Statistics
Leveraging multiomics to discover biology
In brief: I develop methods and analyses for multiomic data, with a particular focus on understanding its benefits of standard scRNA-seq.
Over the past decade, the increasing affordability of DNA sequencing has made RNA quantification more practical and spurred improvements in sequencing. Yet transcriptomics is only part of the sought-after comprehensive picture of single-cell biology. To hone understanding of biological regulation, it is necessary to quantify more modalities involved in information transfer: DNA and protein molecules, as well as transient and alternative RNA isoforms.
Simultaneously with advances in RNA sequencing, two factors have contributed to multimodal -omics: the development of analogous assays for chromatin accessibility and protein abundance, and the release of software infrastructure to quantify non-coding RNA molecules. If we run a scRNA-seq experiment, we get information about splicing for free. If we develop a slightly more sophisticated methodology, we can collect information about other modalities, either closer to gene regulation or to its effects.
Yet the correct way to jointly analyze such data is far from clear. Many data integration methods exist, but they tend to be descriptive and phenomenological, without encoding the causal relationships of the central dogma. For example, a single-nucleus RNA sequencing analysis will simply add spliced and unspliced RNA counts without accounting for their meaningful differences. One of the key goals of my Ph.D. work has been embracing multimodality: if we have interesting readouts, we should exploit them as much as possible.

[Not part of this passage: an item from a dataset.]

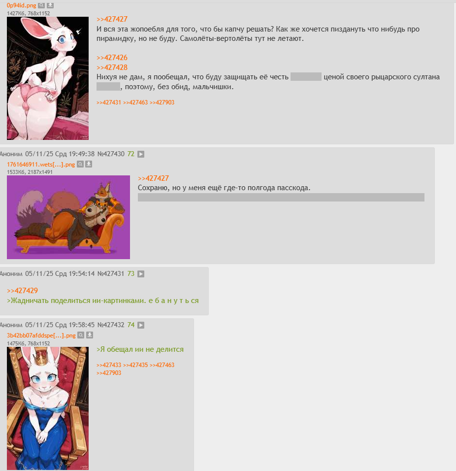 Также хотим напомнить, что любой контент (в том числе и сгенерированный AI), содержащий в себе половую связь между людьми и реалистичными (неантропоморфными, феральными, реально существующими) животными, нарушающий законодательство РФ, или содержащий в себе запрещенную символику, будет удаляться, а пользователь будет блокироваться.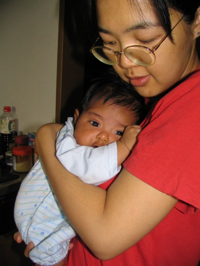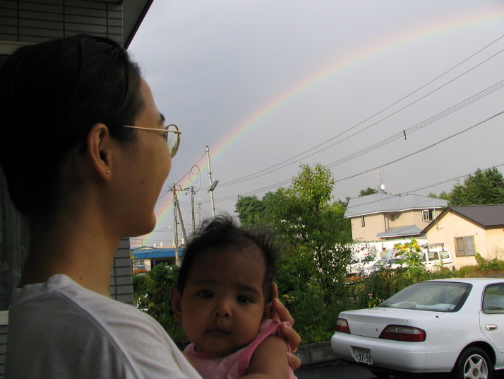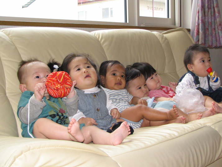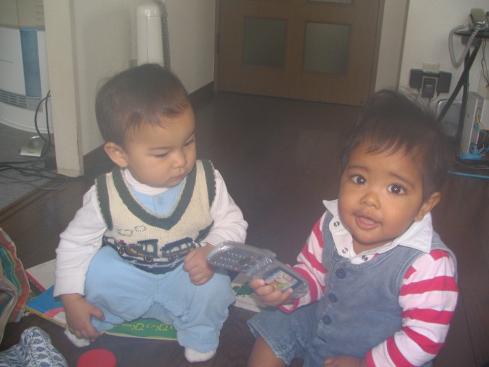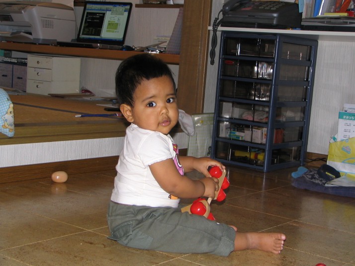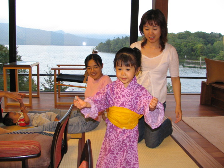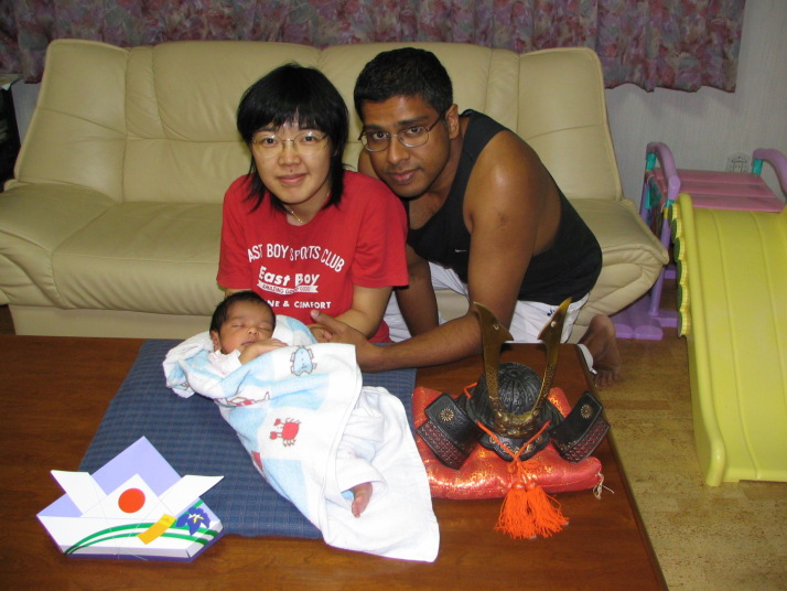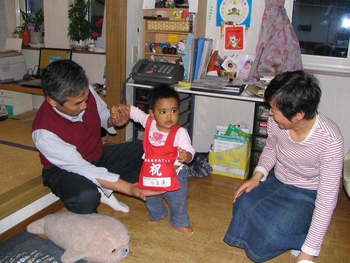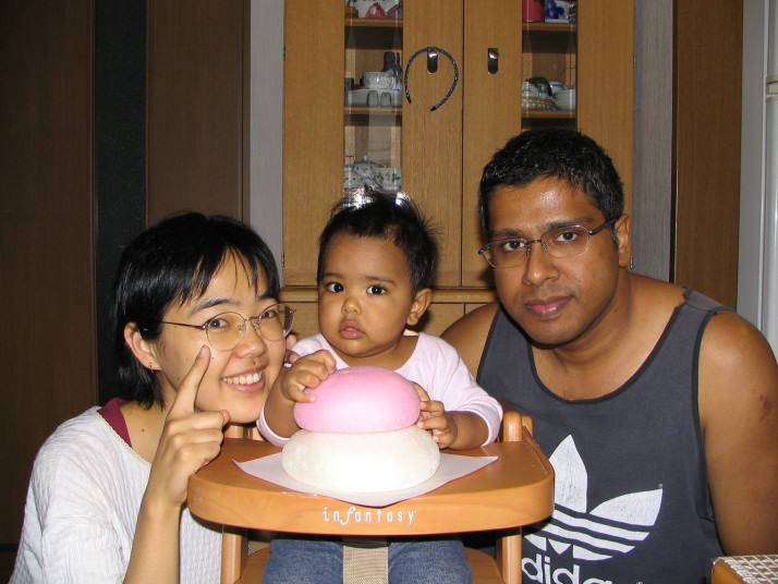 April 2006: Turned One..Had to carry "mochi" (rice cake). They all had sushi.

My theoretical work shows that whole is greater than the sum of its parts. For instance, having spliced and unspliced molecule counts allows us to distinguish between transcriptional mechanisms and regulatory strategies which would otherwise be indistinguishable using a single modality.
I am particularly interested in the interplay and connections between mechanistic and descriptive models. One of my recent projects, biVI, integrates spliced and unspliced data by endowing a machine learning framework with a biologically meaningful representation of the relationship between these molecules. In other words, the mechanistic worldview can naturally represent well-understood parts of the biophysics, whereas neural networks can represent currently uncharacterized “black box” parts.